Benchmark Scotch Whiskies

Glengoyne 18 and 21 paired with local artisanal chocolates.

Glengoyne 18 and 21 paired with local artisanal chocolates.

If an ultimate goal is to determine which bottle(s) of scotch to buy next, it’s worthwhile to establish a benchmark of what I already know I like. To keep things simple, I’ll select two whiskies with slightly different profiles to serve as benchmarks.

Glenfiddich 12 year old: When my generous housemate from Part 1 gifted me two bottles of whisk(e)y, one was Woodford Reserve bourbon, and the other was Glenfiddich 12, so this whisky holds a special place in my heart. I find Glenfiddich 12 to be deliciously fruity, sherried, and smooth. Plus, it’s reasonably affordable (for scotch) and widely available in U.S. liquor stores, resulting in a solid, reliable, and popular whisky with entry-level appeal. While in Scotland and touring the Speyside region, my wife and I visited Glenfiddich and sampled at least 10 drams of different scotch whiskies. Glenfiddich 12 was the very first scotch I ever tried, and while I’ve since enjoyed dozens of other varieties, it remains a memorable favorite for me.

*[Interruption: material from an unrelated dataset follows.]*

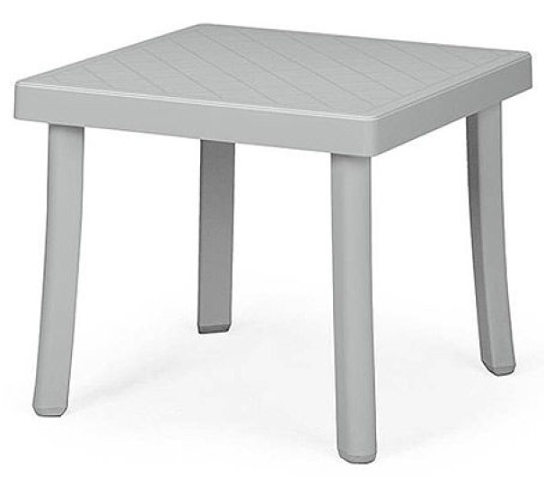 Небольшой квадратный столик размером 46×46 см изготовлен из полипропилена, прекрасно подойдет для шезлонга. Ножки стола нескользящие и имеют трубчатое строение, благодаря чему столик не весит много.

Glengoyne 21 year old: A few years before our honeymoon pilgrimage to Scotland, my wife’s family toured Scotland and returned home raving about a special experience at Glengoyne, a respected distillery nestled in the gorgeous countryside directly upon the Highland Line that separates the Highland and Lowland regions in Scotland. Naturally, Glengoyne became our first stop on our first day in Scotland, and it didn’t disappoint. After an incredible tour of the historic distillery, we settled in for a dual tasting of Glengoyne scotch paired with artisanal chocolates. I’ll never forget the smooth, spicy vanilla notes of Glengoyne 21 alongside the velvety chocolate treats. Compared to Glenfiddich 12, Glengoyne 21 is much harder to find in the U.S. and pricier as well, but it’s certainly worth the extra coin for something a bit more special. I’ll periodically reference these two whiskies throughout the extended project.

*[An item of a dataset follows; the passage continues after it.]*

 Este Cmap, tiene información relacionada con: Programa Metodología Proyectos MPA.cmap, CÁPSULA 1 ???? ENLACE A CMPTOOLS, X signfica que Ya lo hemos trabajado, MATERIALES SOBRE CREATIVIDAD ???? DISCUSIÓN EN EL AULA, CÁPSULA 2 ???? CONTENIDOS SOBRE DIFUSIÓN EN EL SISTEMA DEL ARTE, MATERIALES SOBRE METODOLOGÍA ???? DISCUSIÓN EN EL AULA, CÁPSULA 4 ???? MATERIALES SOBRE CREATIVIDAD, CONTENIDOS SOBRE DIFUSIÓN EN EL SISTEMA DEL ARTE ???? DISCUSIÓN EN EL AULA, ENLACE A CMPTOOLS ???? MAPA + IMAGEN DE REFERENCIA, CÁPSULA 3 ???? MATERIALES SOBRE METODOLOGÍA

Table describing features of Glenfiddich 12 and Glengoyne 21.

Scotch Type

Definitions of scotch whisky type are fairly nuanced. When most people think of scotch (myself included), they probably imagine single malt scotch, a type of whisky that requires a litany of very specific restrictions. For example, single malt scotch must be:

  • Distilled at a single distillery in Scotland using a pot still distillation process
  • Made from a mash of malted barley
  • Matured in oak casks in Scotland for at least 3 years and 1 day (commonly, much longer)

There are a considerable amount of scotch drinkers that consider single malt scotch to be the “premier” scotch whisky type; single malts convey nuance, authenticity, and elegance as they boldly stand alone (neat) or with a few drops of water in a Glencairn whisky glass.

But despite the reverence towards single malts, blended whisky far outpaces single malt in global sales, accounting for roughly 90% of all scotch sold worldwide. Blended whisky is often cheaper and can be deployed in cocktails, and it takes great skill, knowledge, and experience to design a perfect blend of different whiskies. In addition to single malt scotch, these data include two types of blended whisky:

  • Blended Scotch: The most common blended variety, which mixes malt whiskies with grain whiskies (whisky made from a non-barley mash) from several different distilleries (such as Johnnie Walker or Dewar’s)
  • Blended Malt Scotch: A rarer variety that requires a blend of single malt scotches from at least two distilleries (such as Compass Box)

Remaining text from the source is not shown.